This notebook walks through the creation of multitask models on MUV [1]. The goal is to demonstrate that multitask methods outperform singletask methods on MUV.
This tutorial and the rest in this sequence are designed to be done in Google colab. If you'd like to open this notebook in colab, you can use the following link.
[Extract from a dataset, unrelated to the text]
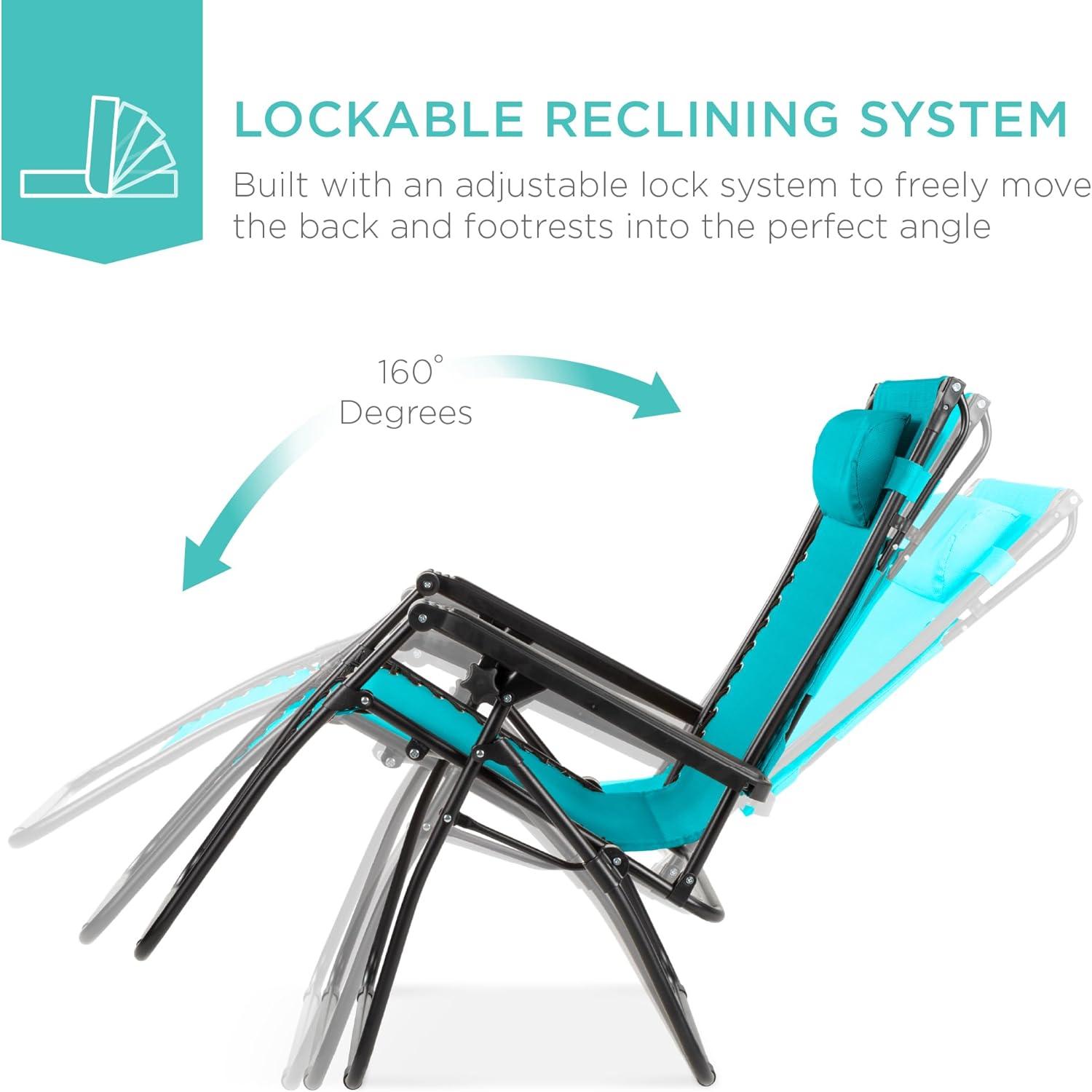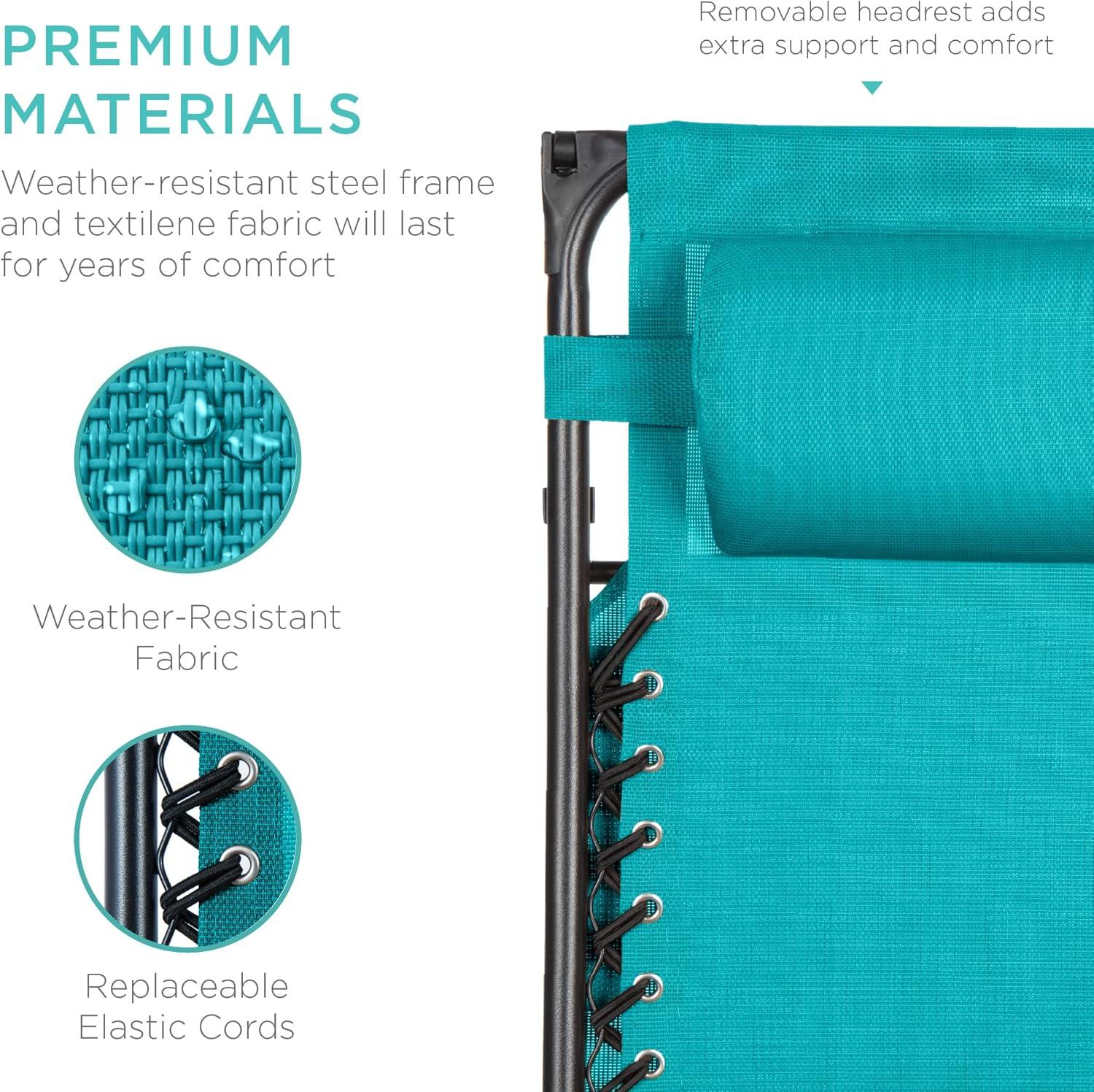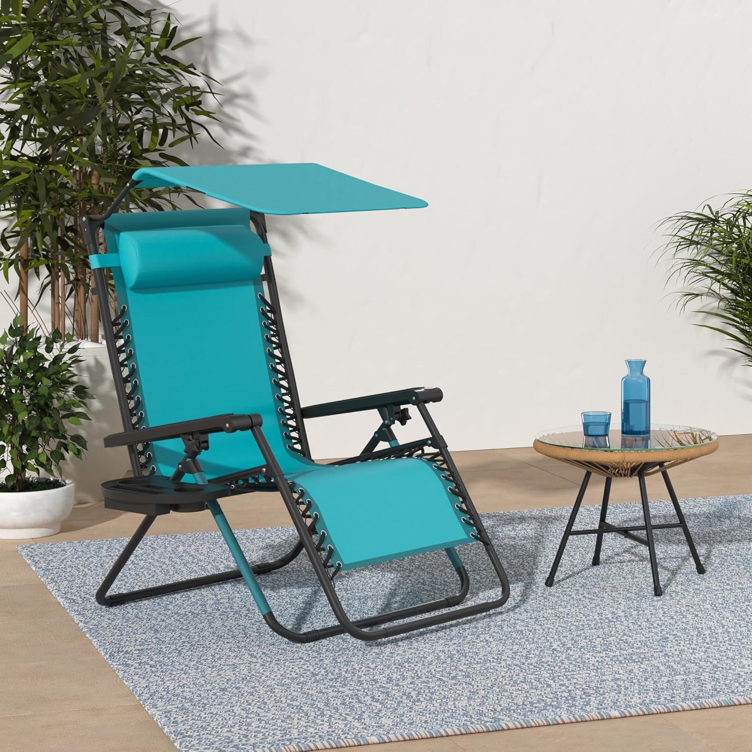 Best Choice Products Folding Zero Gravity Outdoor Recliner Patio Lounge Chair w/Adjustable Canopy Shade, Headrest, Side Accessory Tray, Textilene Mesh – Amethyst Purple(Peacock Blue)

To run DeepChem within Colab, you'll need to run the following cell of installation commands. This will take about 5 minutes to run to completion and install your environment.
In [1]:
%tensorflow_version 1.x
!curl -Lo deepchem_installer.py https://raw.githubusercontent.com/deepchem/deepchem/master/scripts/colab_install.py
import deepchem_installer
%time deepchem_installer.install(version='2.3.0')
The MUV dataset is a challenging benchmark in molecular design that consists of 17 different "targets" where there are only a few "active" compounds per target. The goal of working with this dataset is to make a machine learnign model which achieves high accuracy on held-out compounds at predicting activity. To get started, let's download the MUV dataset for us to play with.
In [2]:
import os
import deepchem as dc
current_dir = os.path.dirname(os.path.realpath("__file__"))
dataset_file = "medium_muv.csv.gz"
full_dataset_file = "muv.csv.gz"
# We use a small version of MUV to make online rendering of notebooks easy. Replace with full_dataset_file
# In order to run the full version of this notebook
dc.utils.download_url("https://s3-us-west-1.amazonaws.com/deepchem.io/datasets/%s" % dataset_file,
current_dir)
dataset = dc.utils.save.load_from_disk(dataset_file)
print("Columns of dataset: %s" % str(dataset.columns.values))
print("Number of examples in dataset: %s" % str(dataset.shape[0]))
Now, let's visualize some compounds from our dataset
In [3]:
from rdkit import Chem
from rdkit.Chem import Draw
from itertools import islice
from IPython.display import Image, display, HTML
def display_images(filenames):
"""Helper to pretty-print images."""
for filename in filenames:
display(Image(filename))
def mols_to_pngs(mols, basename="test"):
"""Helper to write RDKit mols to png files."""
filenames = []
for i, mol in enumerate(mols):
filename = "MUV_%s%d.png" % (basename, i)
Draw.MolToFile(mol, filename)
filenames.append(filename)
return filenames
num_to_display = 12
molecules = []
for _, data in islice(dataset.iterrows(), num_to_display):
molecules.append(Chem.MolFromSmiles(data["smiles"]))
display_images(mols_to_pngs(molecules))
There are 17 datasets total in MUV as we mentioned previously. We're going to train a multitask model that attempts to build a joint model to predict activity across all 17 datasets simultaneously. There's some evidence [2] that multitask training creates more robust models.
As fair warning, from my experience, this effect can be quite fragile. Nonetheless, it's a tool worth trying given how easy DeepChem makes it to build these models. To get started towards building our actual model, let's first featurize our data.
In [4]:
MUV_tasks = ['MUV-692', 'MUV-689', 'MUV-846', 'MUV-859', 'MUV-644',
'MUV-548', 'MUV-852', 'MUV-600', 'MUV-810', 'MUV-712',
'MUV-737', 'MUV-858', 'MUV-713', 'MUV-733', 'MUV-652',
'MUV-466', 'MUV-832']
featurizer = dc.feat.CircularFingerprint(size=1024)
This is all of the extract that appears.